#### Aim of the task
Print the data verbatim. Leave every image out.

#### Provided material
*-*-*

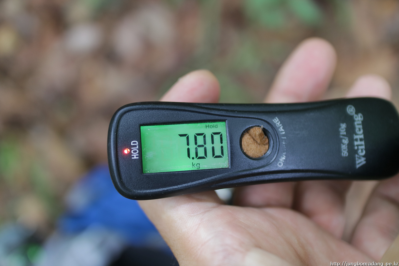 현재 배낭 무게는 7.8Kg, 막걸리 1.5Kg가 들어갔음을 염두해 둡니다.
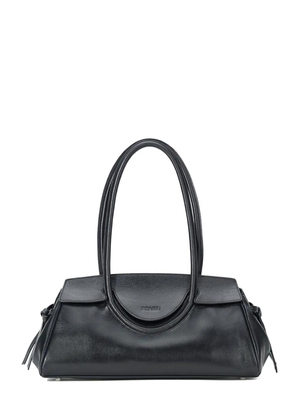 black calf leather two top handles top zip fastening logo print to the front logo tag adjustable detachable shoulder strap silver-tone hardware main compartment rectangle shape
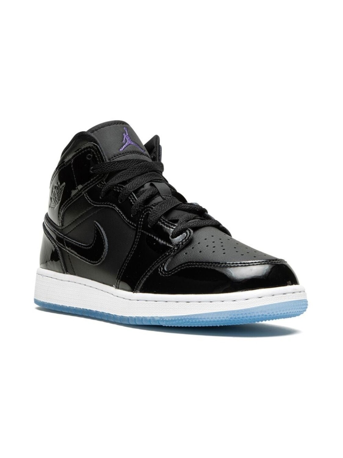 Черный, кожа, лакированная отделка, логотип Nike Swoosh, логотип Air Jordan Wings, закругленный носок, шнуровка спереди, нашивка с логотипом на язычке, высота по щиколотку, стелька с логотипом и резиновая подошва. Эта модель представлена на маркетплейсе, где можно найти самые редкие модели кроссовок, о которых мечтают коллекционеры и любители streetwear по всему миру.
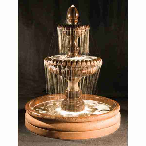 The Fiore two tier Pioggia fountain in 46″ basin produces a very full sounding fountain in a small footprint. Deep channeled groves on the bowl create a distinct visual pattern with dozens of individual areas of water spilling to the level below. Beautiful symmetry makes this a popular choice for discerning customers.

*-*-*

#### Solution to this exercise
 현재 배낭 무게는 7.8Kg, 막걸리 1.5Kg가 들어갔음을 염두해 둡니다.
 black calf leather two top handles top zip fastening logo print to the front logo tag adjustable detachable shoulder strap silver-tone hardware main compartment rectangle shape
 Черный, кожа, лакированная отделка, логотип Nike Swoosh, логотип Air Jordan Wings, закругленный носок, шнуровка спереди, нашивка с логотипом на язычке, высота по щиколотку, стелька с логотипом и резиновая подошва. Эта модель представлена на маркетплейсе, где можно найти самые редкие модели кроссовок, о которых мечтают коллекционеры и любители streetwear по всему миру.
 The Fiore two tier Pioggia fountain in 46″ basin produces a very full sounding fountain in a small footprint. Deep channeled groves on the bowl create a distinct visual pattern with dozens of individual areas of water spilling to the level below. Beautiful symmetry makes this a popular choice for discerning customers.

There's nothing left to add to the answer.